→ The problem
Set every entry below down once more, exactly as it stands, without images.

Records from a collection:
-*-*-
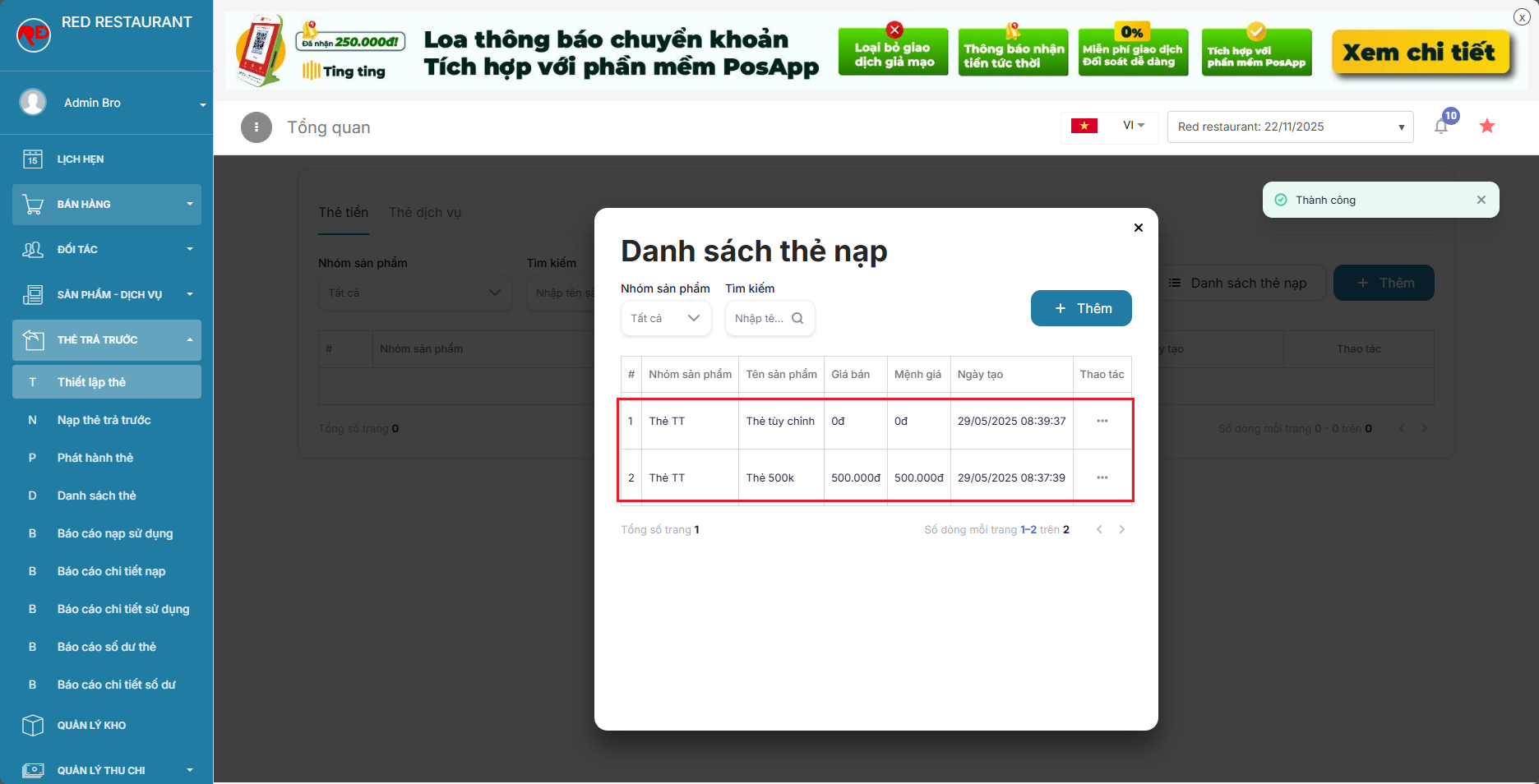 Tạo xong lưu lại ta sẽ được 2 thẻ để nạp cho khách. 1 thẻ cố định 500k và 1 thẻ tùy chỉnh
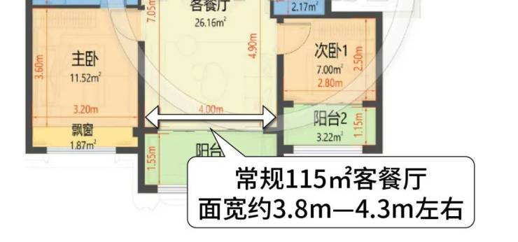 115-120㎡的高层产品,客餐厅的面宽大多都在3.8-4.3米左右。
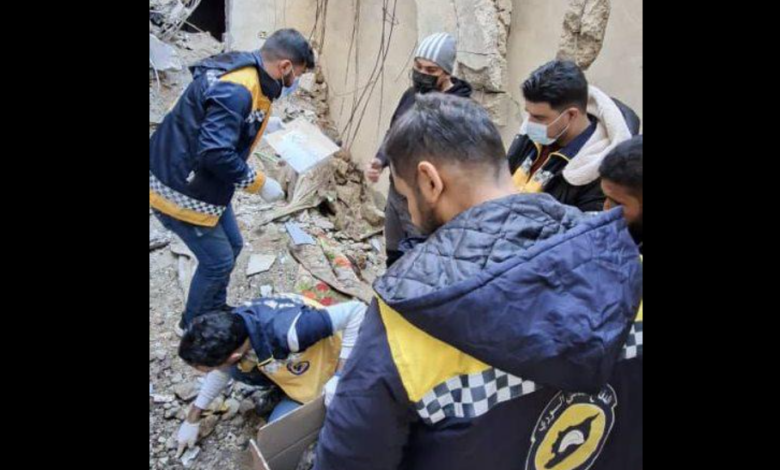 وأوضح الدفاع المدني في بيان، يوم الأحد، أن الرفات تعود لشخصين (رجل وامرأة)، وعُثر بجانبهما على مستندات شخصية، مشيراً إلى أن البناء يقع قرب مشفى ميداني كان قد تعرّض سابقاً لاستهداف بقصف جوي من قبل النظام البائد.
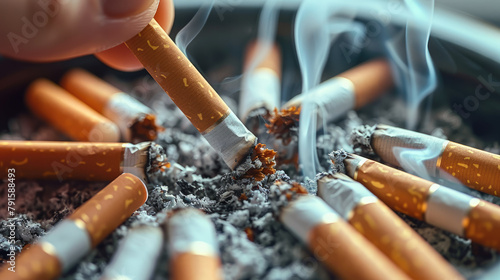Closeup of a cigarette in an ashtray, a hand reaching for one, various colors and shapes of cigarettes. Generative AI.
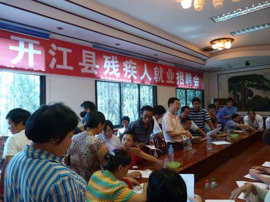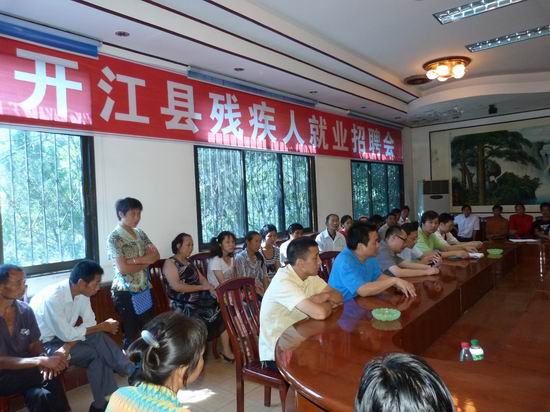 經(jīng)過(guò)一個(gè)多月的廣泛宣傳和精心準(zhǔn)備,7月18日,來(lái)自全縣各鄉(xiāng)鎮(zhèn)的65名下肢殘疾人和16名聾啞殘疾人來(lái)到招聘現(xiàn)場(chǎng)接受開(kāi)江縣殘聯(lián)與達(dá)州市瑋鑫首飾有限公司和達(dá)州市殘疾人就業(yè)服務(wù)部在縣殘聯(lián)舉行的現(xiàn)場(chǎng)招聘會(huì),達(dá)州市殘聯(lián)黨組成員、機(jī)關(guān)黨委書記楊文平,市殘聯(lián)副調(diào)研員劉慶福,市殘聯(lián)教育就業(yè)科長(zhǎng)方勇,縣殘聯(lián)機(jī)關(guān)全體干部職工,鄉(xiāng)鎮(zhèn)殘聯(lián)專干共100多人參加,會(huì)議由縣殘聯(lián)黨組書記、理事長(zhǎng)王莉華主持。會(huì)上,市殘聯(lián)機(jī)關(guān)黨委書記楊文平同志作了重要講話,他代表市殘聯(lián)感謝達(dá)州市瑋鑫首飾有限公司對(duì)殘疾人事業(yè)的支持和對(duì)殘疾人的關(guān)心,預(yù)祝該公司在開(kāi)江招聘取得圓滿成功,讓更多的殘疾人實(shí)現(xiàn)夢(mèng)寐以求就業(yè)愿望,為家庭減輕壓力,為社會(huì)減輕負(fù)擔(dān),展示自己的人生價(jià)值。
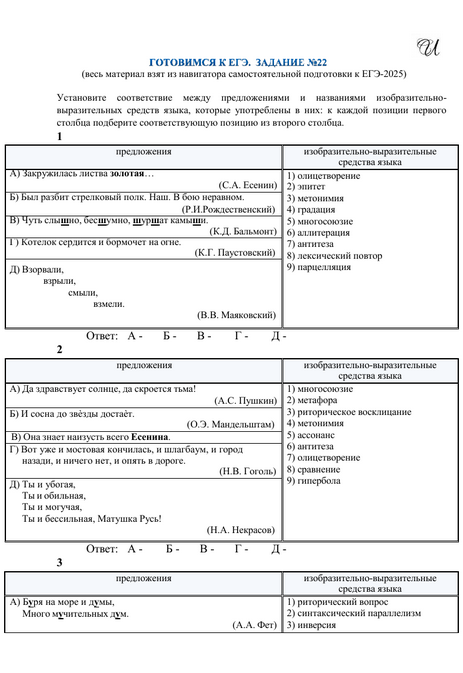 2 ступень – это знакомство учащихся с примерами художественно-выразительных средств языка, взятых из «Методических рекомендаций обучающимся по организации самостоятельной подготовки к ЕГЭ 2026 года» (навигатора подготовки). Этот блок заданий составлен в облегченной форме, в формате 5 на 5 и предназначен для тех учащихся, которые чувствуют себя неуверенно, решая №22. Блок включает в себя 2 варианта по 10 заданий.
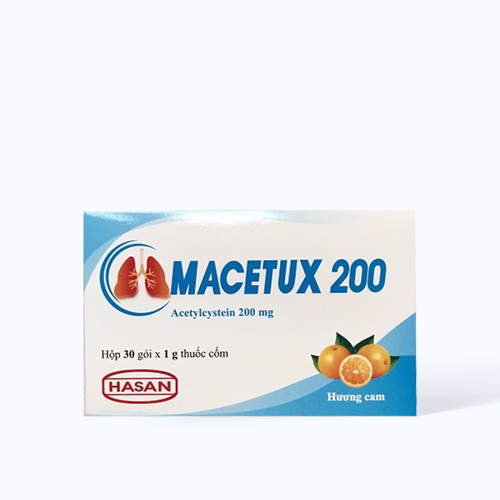 Thuốc cốm macetux acetylcystein 200mg hasan (h/30g/1gr) Macetux 200 chứa acetylcystein với hàm lượng 200mg, là loại thuốc tiêu đi các chất nhầy. Thuốc được dùng để điều trị các rối loạn tiết dịch phế quản, đặc biệt trong các rối loạn phế quản cấp tính, như viêm phế quản cấp và đợt cấp của bệnh phổi mạn tính
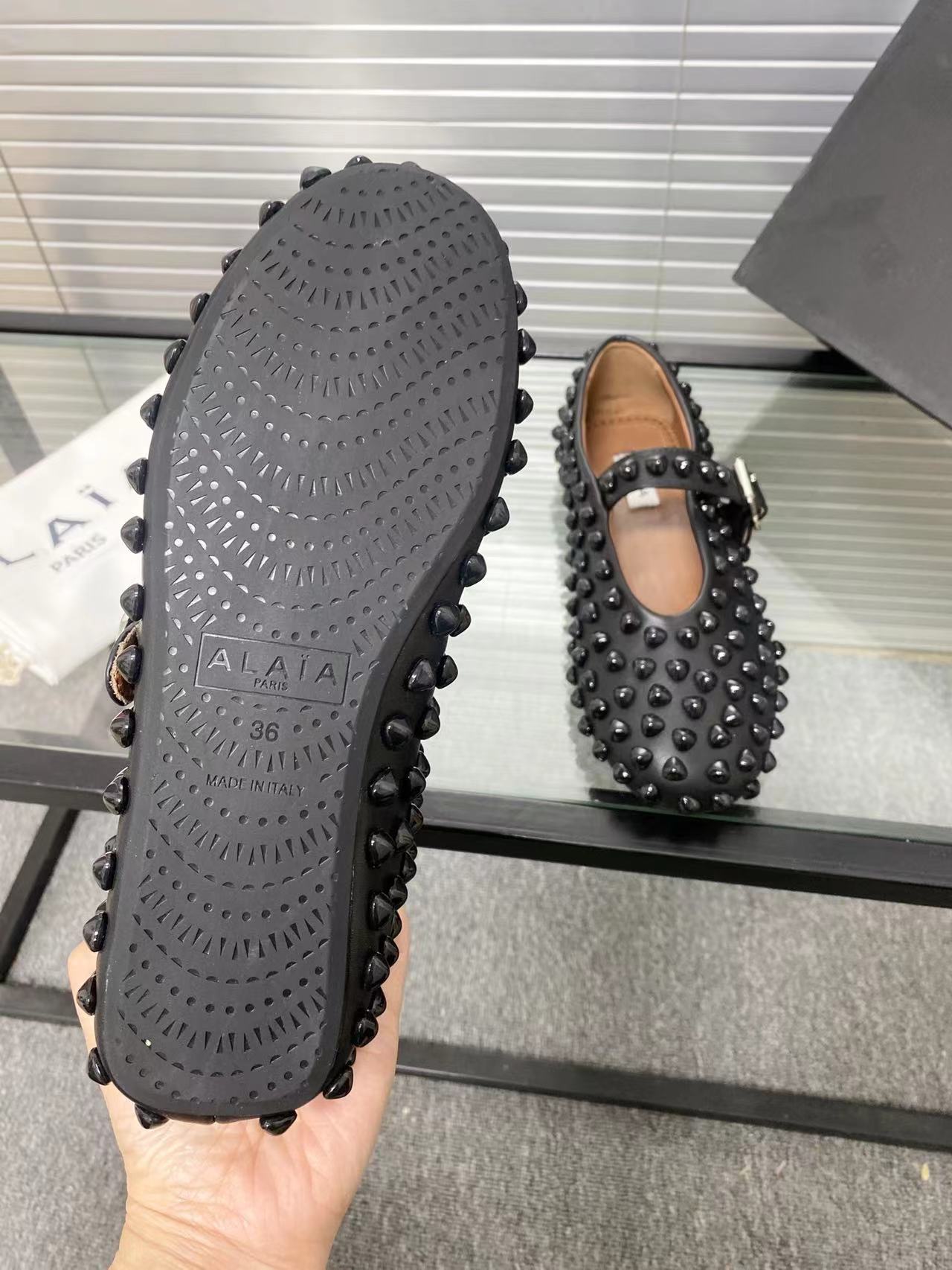 这款鞋子是AAAAA 1:1 质量 (非常棒). 使用了和原版一模一样的材料. 商标部分也保持了和Alaia一样. 图片拍摄是实物鞋子拍摄, 您所收到的实物保证和我们图片一模一样.
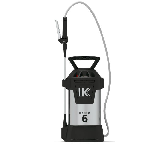 iK Inox SST 6 è una pompa a pressione con un serbatoio in acciaio inox da 6 litri, particolarmente indicato per l'edilizia, l'industria e il settore della pulizia professionale per spruzzare olio, solvente, lubrificante e altri detergenti. Dotato di guarnizioni FPM di alta qualità, resistenti a un'ampia gamma di solventi, detergenti e oli ed è dotata di una valvola per l'aria compressa dove è possibile collegarlo anche ad un compressore.
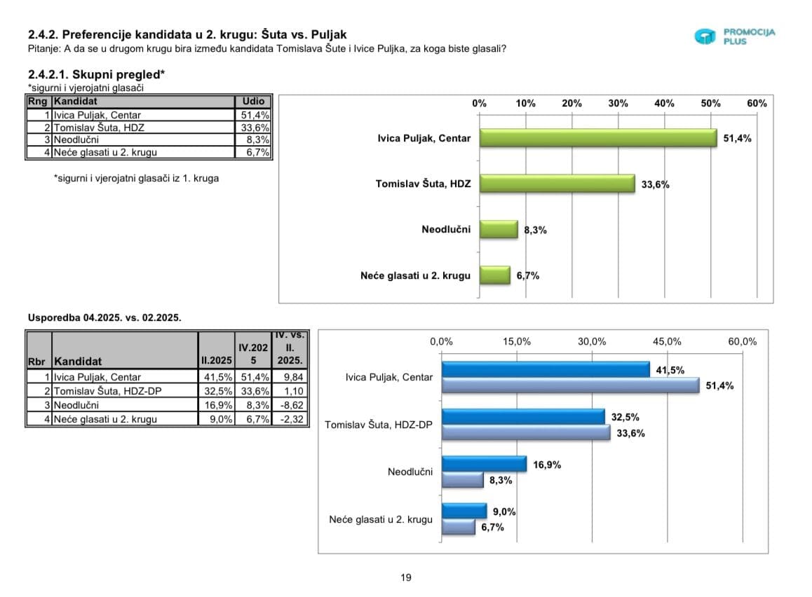 - Puljak vs. Šuta – 51,4 : 33,6 posto; neodlučnih 8,3 posto, a 6,7 posto ispitanika tvrdi da ne bi glasovalo.
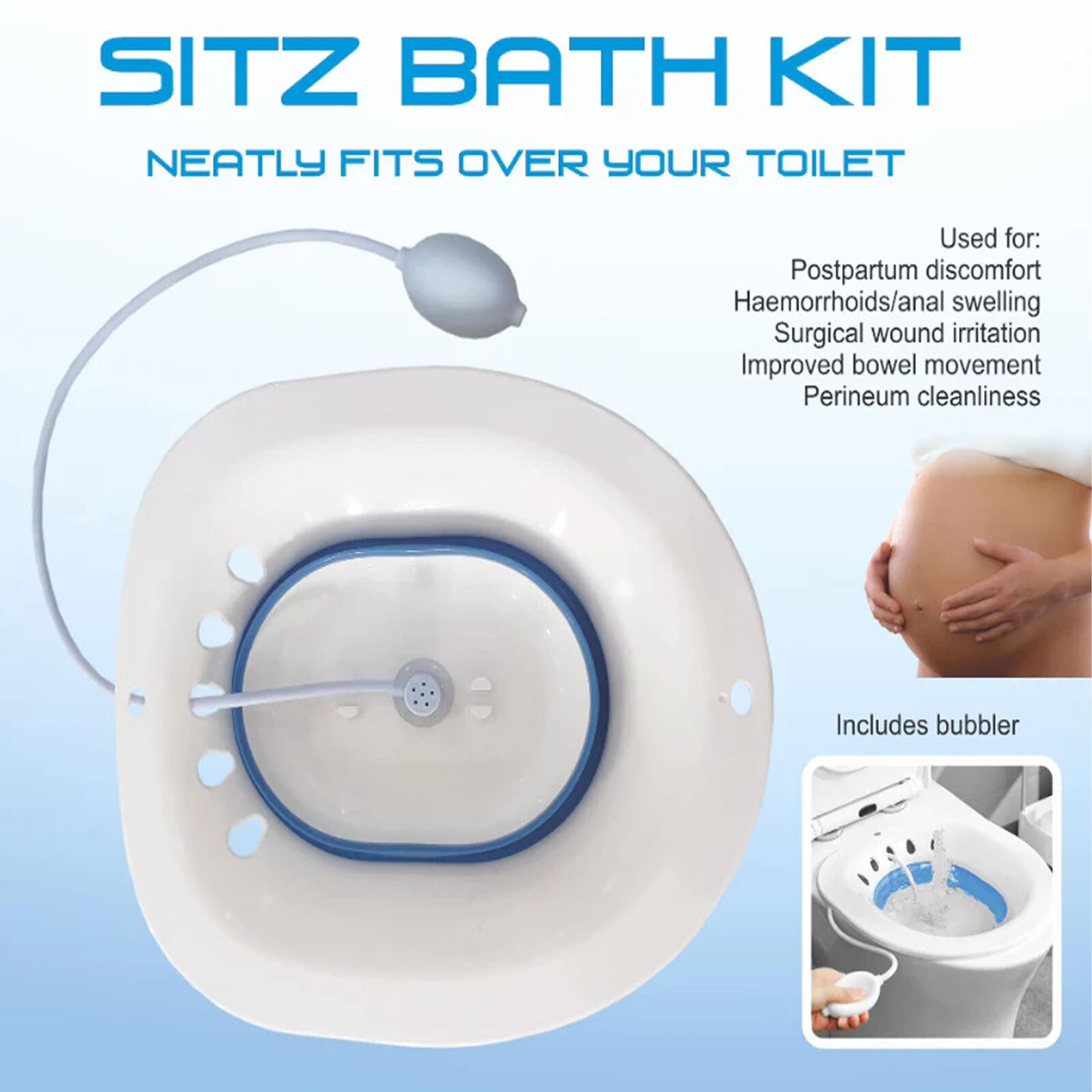 Enjoy a warm, shallow bath to sit in and cleanse your anal and genital area. A Sitz bath Kit can often relieve pain and discomfort from conditions such as hemorrhoids, anal fissures, perineal pain, and itching. Commonly prescribed as a simple and easy way to cleanse the perineum. The perineum is the space between your rectum and vulva or scrotum. By sitting in warm water you increase blood flow in the region and assist in promoting healing, cleanse, and relieve pain, itching, and irritation around the genitals.
-*-*-
→ Response area
 Tạo xong lưu lại ta sẽ được 2 thẻ để nạp cho khách. 1 thẻ cố định 500k và 1 thẻ tùy chỉnh
 115-120㎡的高层产品,客餐厅的面宽大多都在3.8-4.3米左右。
 وأوضح الدفاع المدني في بيان، يوم الأحد، أن الرفات تعود لشخصين (رجل وامرأة)، وعُثر بجانبهما على مستندات شخصية، مشيراً إلى أن البناء يقع قرب مشفى ميداني كان قد تعرّض سابقاً لاستهداف بقصف جوي من قبل النظام البائد.
Closeup of a cigarette in an ashtray, a hand reaching for one, various colors and shapes of cigarettes. Generative AI.
 經(jīng)過(guò)一個(gè)多月的廣泛宣傳和精心準(zhǔn)備,7月18日,來(lái)自全縣各鄉(xiāng)鎮(zhèn)的65名下肢殘疾人和16名聾啞殘疾人來(lái)到招聘現(xiàn)場(chǎng)接受開(kāi)江縣殘聯(lián)與達(dá)州市瑋鑫首飾有限公司和達(dá)州市殘疾人就業(yè)服務(wù)部在縣殘聯(lián)舉行的現(xiàn)場(chǎng)招聘會(huì),達(dá)州市殘聯(lián)黨組成員、機(jī)關(guān)黨委書記楊文平,市殘聯(lián)副調(diào)研員劉慶福,市殘聯(lián)教育就業(yè)科長(zhǎng)方勇,縣殘聯(lián)機(jī)關(guān)全體干部職工,鄉(xiāng)鎮(zhèn)殘聯(lián)專干共100多人參加,會(huì)議由縣殘聯(lián)黨組書記、理事長(zhǎng)王莉華主持。會(huì)上,市殘聯(lián)機(jī)關(guān)黨委書記楊文平同志作了重要講話,他代表市殘聯(lián)感謝達(dá)州市瑋鑫首飾有限公司對(duì)殘疾人事業(yè)的支持和對(duì)殘疾人的關(guān)心,預(yù)祝該公司在開(kāi)江招聘取得圓滿成功,讓更多的殘疾人實(shí)現(xiàn)夢(mèng)寐以求就業(yè)愿望,為家庭減輕壓力,為社會(huì)減輕負(fù)擔(dān),展示自己的人生價(jià)值。
 2 ступень – это знакомство учащихся с примерами художественно-выразительных средств языка, взятых из «Методических рекомендаций обучающимся по организации самостоятельной подготовки к ЕГЭ 2026 года» (навигатора подготовки). Этот блок заданий составлен в облегченной форме, в формате 5 на 5 и предназначен для тех учащихся, которые чувствуют себя неуверенно, решая №22. Блок включает в себя 2 варианта по 10 заданий.
 Thuốc cốm macetux acetylcystein 200mg hasan (h/30g/1gr) Macetux 200 chứa acetylcystein với hàm lượng 200mg, là loại thuốc tiêu đi các chất nhầy. Thuốc được dùng để điều trị các rối loạn tiết dịch phế quản, đặc biệt trong các rối loạn phế quản cấp tính, như viêm phế quản cấp và đợt cấp của bệnh phổi mạn tính
 这款鞋子是AAAAA 1:1 质量 (非常棒). 使用了和原版一模一样的材料. 商标部分也保持了和Alaia一样. 图片拍摄是实物鞋子拍摄, 您所收到的实物保证和我们图片一模一样.
 iK Inox SST 6 è una pompa a pressione con un serbatoio in acciaio inox da 6 litri, particolarmente indicato per l'edilizia, l'industria e il settore della pulizia professionale per spruzzare olio, solvente, lubrificante e altri detergenti. Dotato di guarnizioni FPM di alta qualità, resistenti a un'ampia gamma di solventi, detergenti e oli ed è dotata di una valvola per l'aria compressa dove è possibile collegarlo anche ad un compressore.
 - Puljak vs. Šuta – 51,4 : 33,6 posto; neodlučnih 8,3 posto, a 6,7 posto ispitanika tvrdi da ne bi glasovalo.
 Enjoy a warm, shallow bath to sit in and cleanse your anal and genital area. A Sitz bath Kit can often relieve pain and discomfort from conditions such as hemorrhoids, anal fissures, perineal pain, and itching. Commonly prescribed as a simple and easy way to cleanse the perineum. The perineum is the space between your rectum and vulva or scrotum. By sitting in warm water you increase blood flow in the region and assist in promoting healing, cleanse, and relieve pain, itching, and irritation around the genitals.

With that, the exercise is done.